Only once standing inside the work, Exhibition: To Do, can the visitor view three works on paper created specifically to sit inside the structure. Hastings’ two-dimensional works appear to act as blueprints or drafts for the sculptural components of the artist’s practice, both in the sense of their execution but also their subject matter.

Delicately rendered in watercolour with ruled pencil lines emerging from the edges of the translucent wash, these pieces depict the To Do list in question.

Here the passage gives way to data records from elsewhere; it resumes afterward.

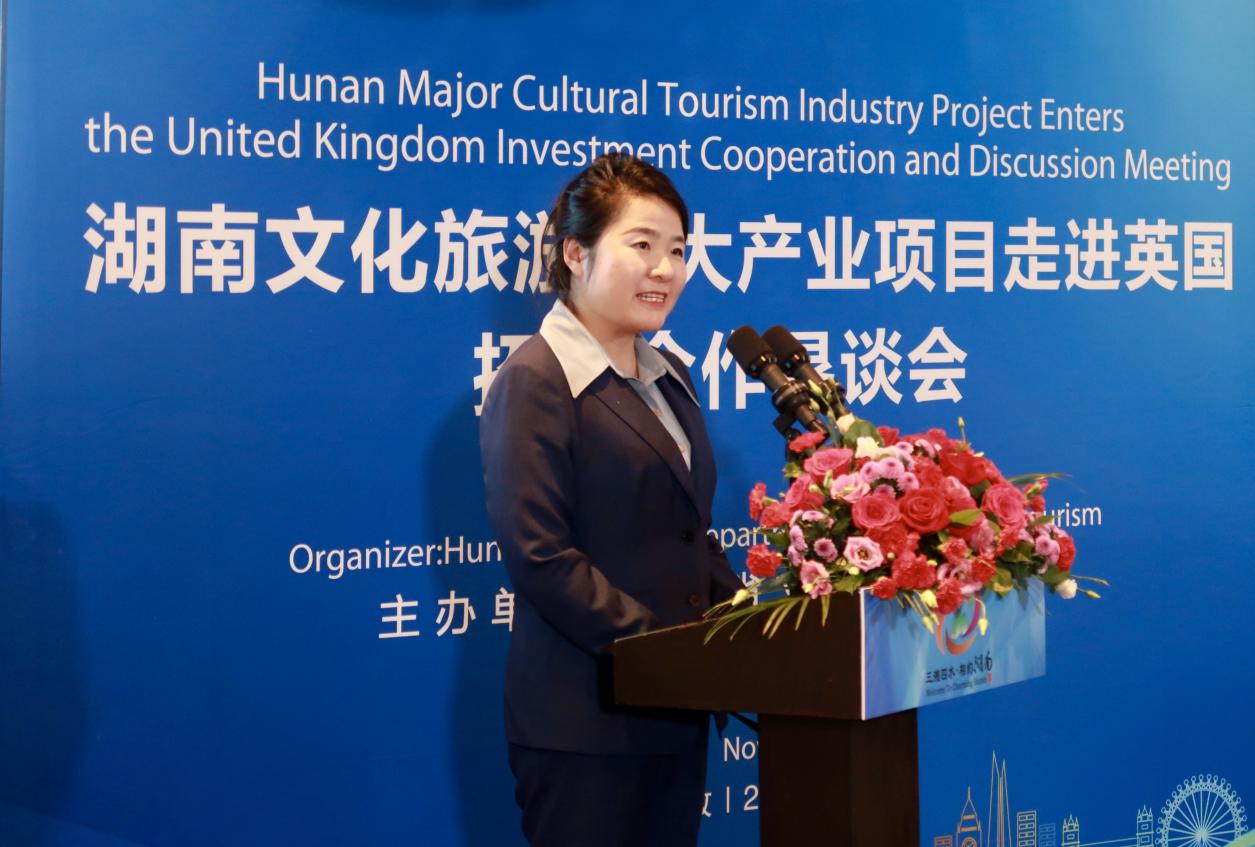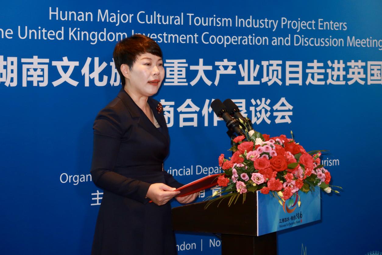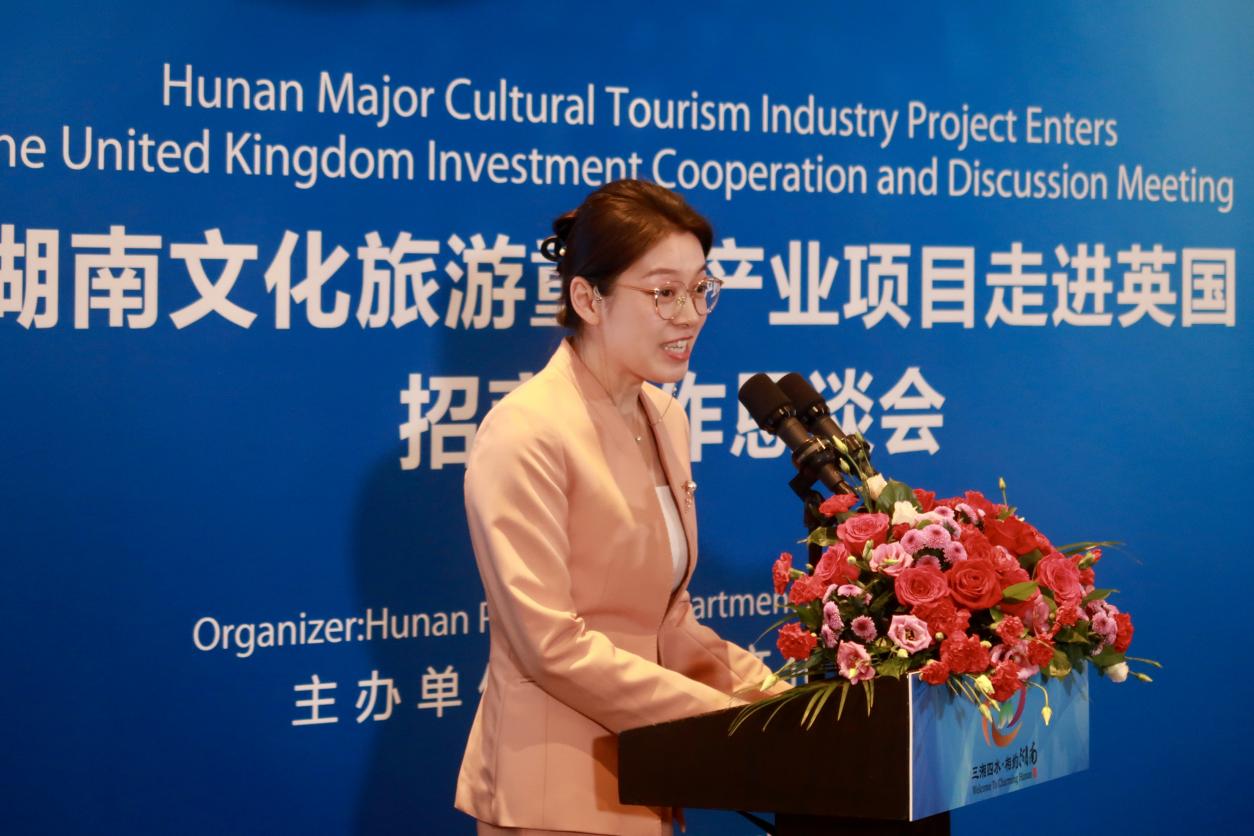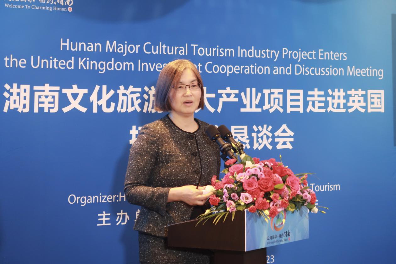 湖南省文化和旅游厅党组成员、副厅长张希慧从“奇峰三千,秀水八百”的张家界、“没有围墙的历史博物馆”韶山、都市休闲的长沙、历史文化的南岳衡山和华夏刀耕火种起源地的城头山这五个特色景点,分别介绍了湖南五大文旅名片。她表示希望见证湖南与英国两地文化旅游业进一步深化协作、共同发展。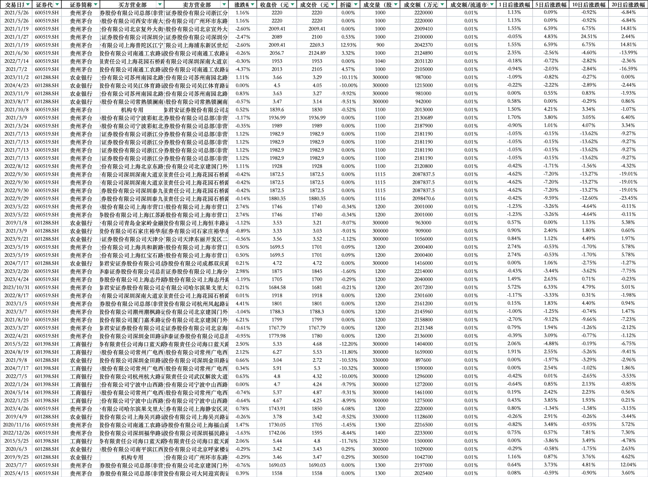 5.字段内容:序号、交易日期、证券代码、证券简称、买方营业部、卖方营业部、涨跌幅、收盘价(元)、成交价(元)、折溢率、成交量(股)、成交额(万元)、成交额/流通市值、1日后涨跌幅、5日后涨跌幅、10日后涨跌幅、20日后涨跌幅6.数据特征: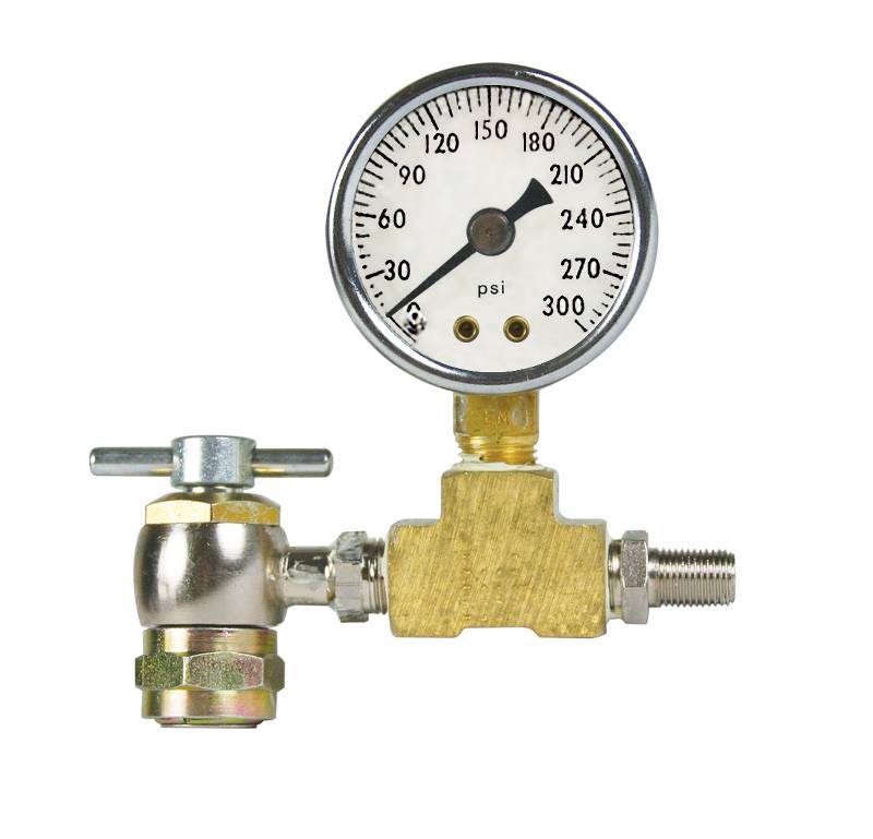 Monitor the amount of air in your AFCO shocks with AFCO Racing monotube inflation gauges. They include an easy-to-read analog gauge for setting the right pressure, a special air valve fitting, and a pressure relief fitting to remove any unwanted air pressure.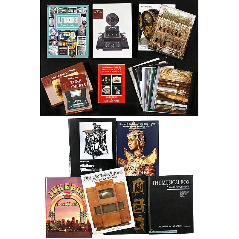 Addon: 2 books on sewing machines, 1 book "Slot Machines", 1 book "Jukebox Heaven", 1 book "Historic Televisions" and 1 book "Tickling the Crystal".
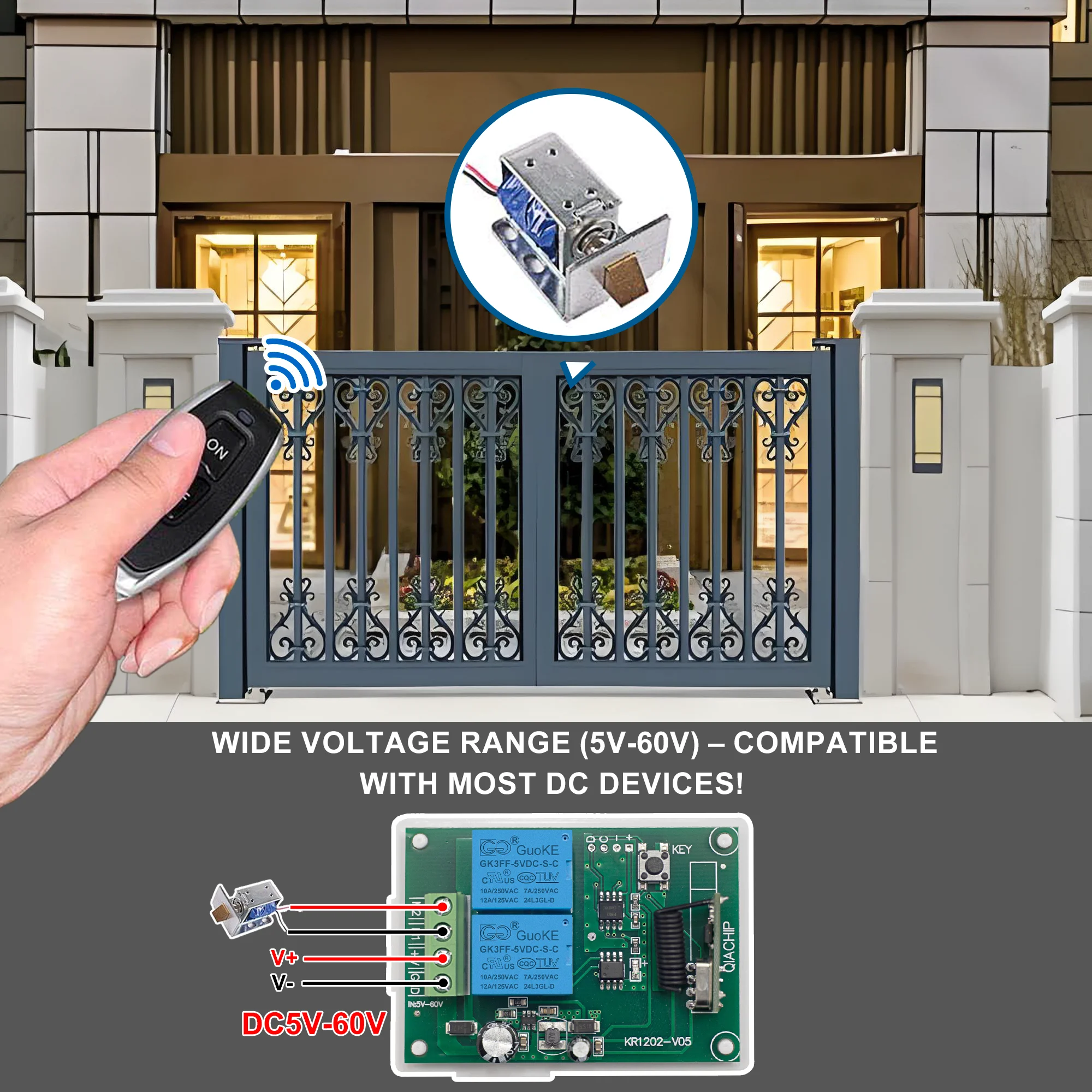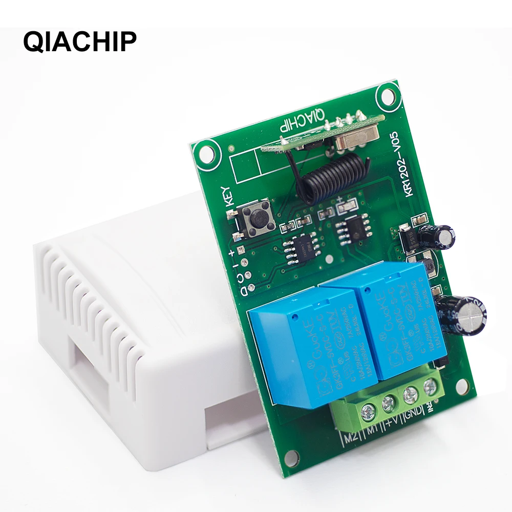 Experience seamless automation with this sleek RF motor remote control switch, designed to fit your needs effortlessly. Its understated black circuit board is accented by vibrant blue relay modules, giving it a contemporary, professional look. The compact size (35mm x 30mm x 18mm) makes installation easy in confined spaces. It supports a wide range of DC voltages (6V to 60V), making it versatile for various motorized applications. The device features three operation modes—momentary, toggle, and latching—providing flexible control options. Its learning function supports up to two remote buttons, instantly recognizing remote signals with a sensitivity of -105dBM. The power LED indicator also displays interference status, ensuring reliable operation every time. This switch guarantees precise, reliable control for your electric doors, curtains, or other motor-driven devices, boosting automation intuitively and efficiently.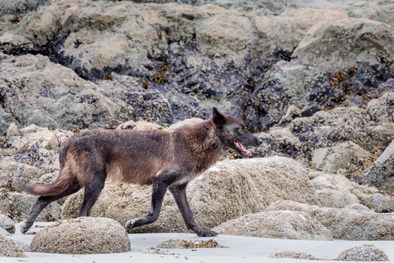 BC Coastal Wolf travelling the shoreline at low tide.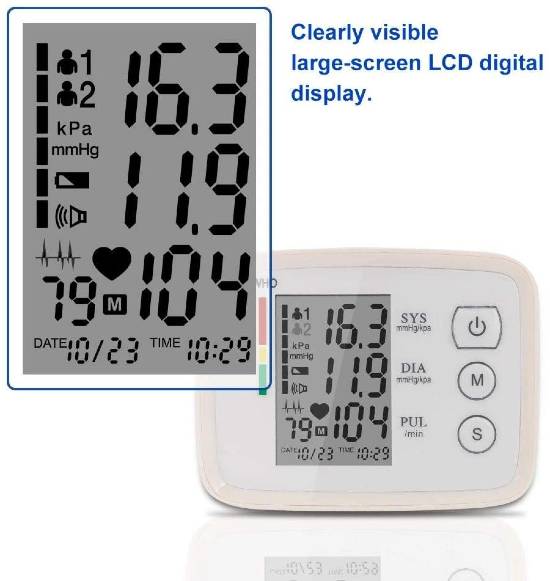 Mostra claramente sistólica, diastólica, frequência cardíaca, data, hora e utilizador. -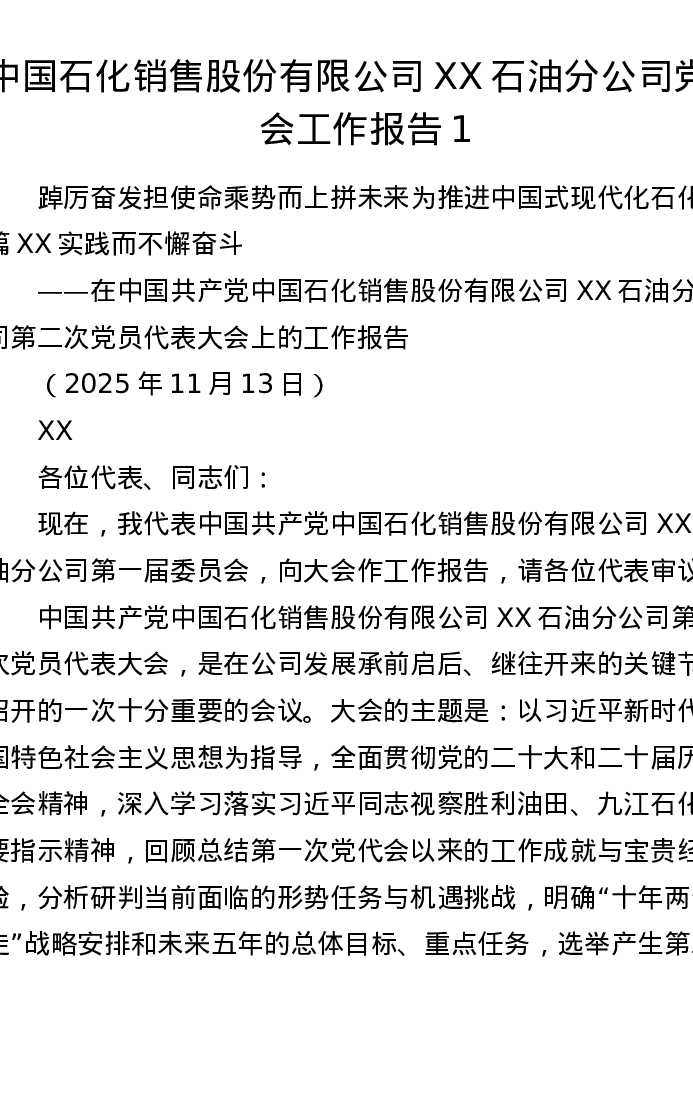 中国石化销售股份有限公司XX石油分公司党代会工作报告1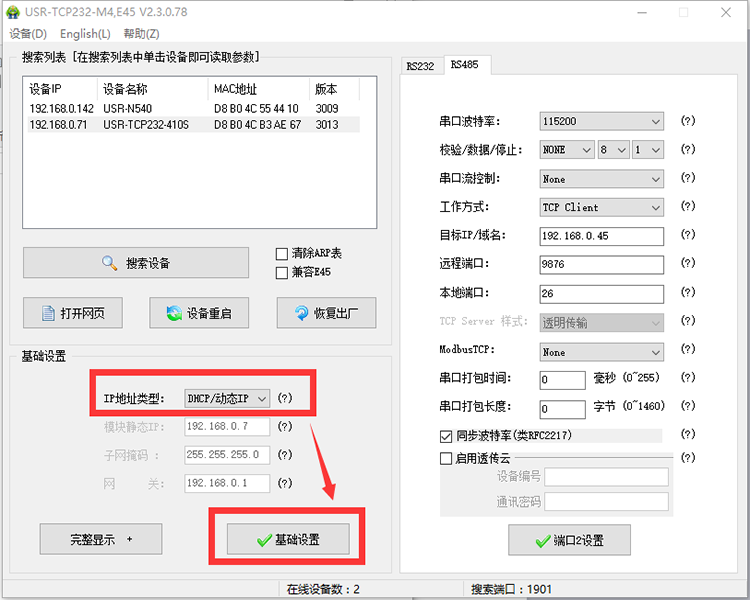 5、打开参数设置软件USR-TCP232-M4,E45-V2.3.0.78.exe ,点击“搜索设备”,点击搜索到的模块IP,选择是通过RS485串口还是 RS232串口进行通信,此处以RS232串口举例,配置参数如图,点击“端口1设置”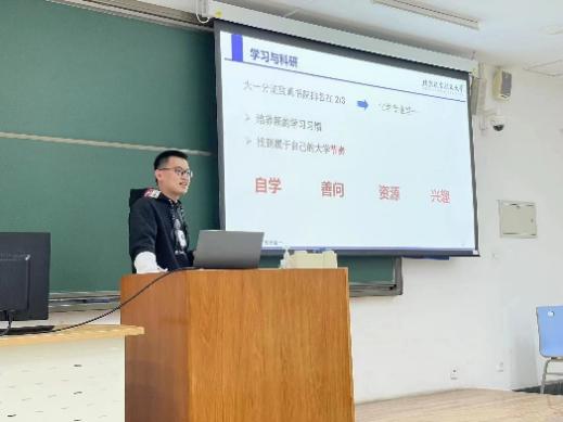他首先讲述了“不过分否定”和“不过分肯定”的健康心态,其中着重讲述自己在进入beat365唯一官方网站后找到了人生目标,不断奋斗并成功逆袭的故事,为刚遭受期中考试成绩打击的同学们提供了安慰,肯定与鼓励,接着,他从目标、学习、科研、娱乐几个方面进行分享,其中慕课自学、文献阅读等方法让同学们获益匪浅。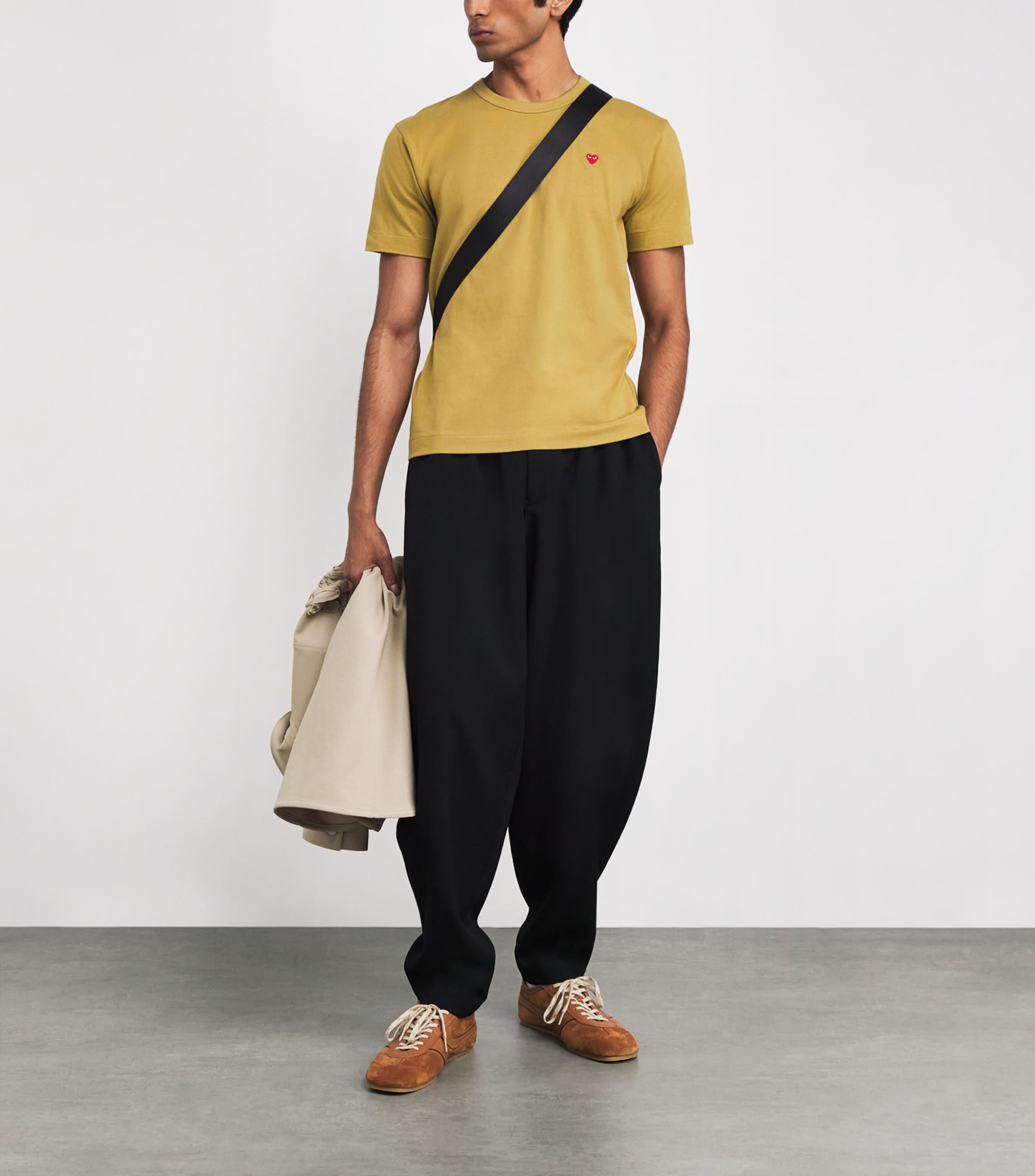 The Comme des Garçons PLAY logo is the product of Rei Kawakubo’s unique creative process; rather than commissioning specific graphic designs for a specific garment or collection, the Japanese designer selects iconography from her previous projects, with the heart icon resurfaced from a previous independent art project with Polish graphic artist Filip Pagowski. Here, the playful emblem adorns one of the brand’s T-shirts, displaying your affinity for the Japanese label’s unique interpretation of streetwear.

One such reminder, the instruction: ‘Build racks in which to store the art after the exhibition’, speaks volumes about the established systems of the art world, and the particular approach artists must take when they create work which sits outside the conventionally commercial.

Hastings’ solution to creating work that she accepts might return to her studio (rather than to a museum or the home of a collector) at the conclusion of the exhibition is to create a major sculptural installation which can contain her other smaller works like a storage device. In this sense, it is not only existing physical systems that guide Hastings’ practice, but social systems too.

As well as the architectural-sculptural piece that dominates the space and the works contained within it, Exhibition: To Do includes a series of watercolour works displayed on the gallery walls. These were created for another of the artist’s major recent undertakings, an artist’s e-book entitled Missing. This ‘Encyclopaedia of taking care in art’ describes the compositional properties of the page as individual characters playing a part in a narrative. These works are framed thoughtfully by the artist in shallow plywood which renders them harmonious with the central shelf structure, and allows them to be viewed as a series without protruding interruptions.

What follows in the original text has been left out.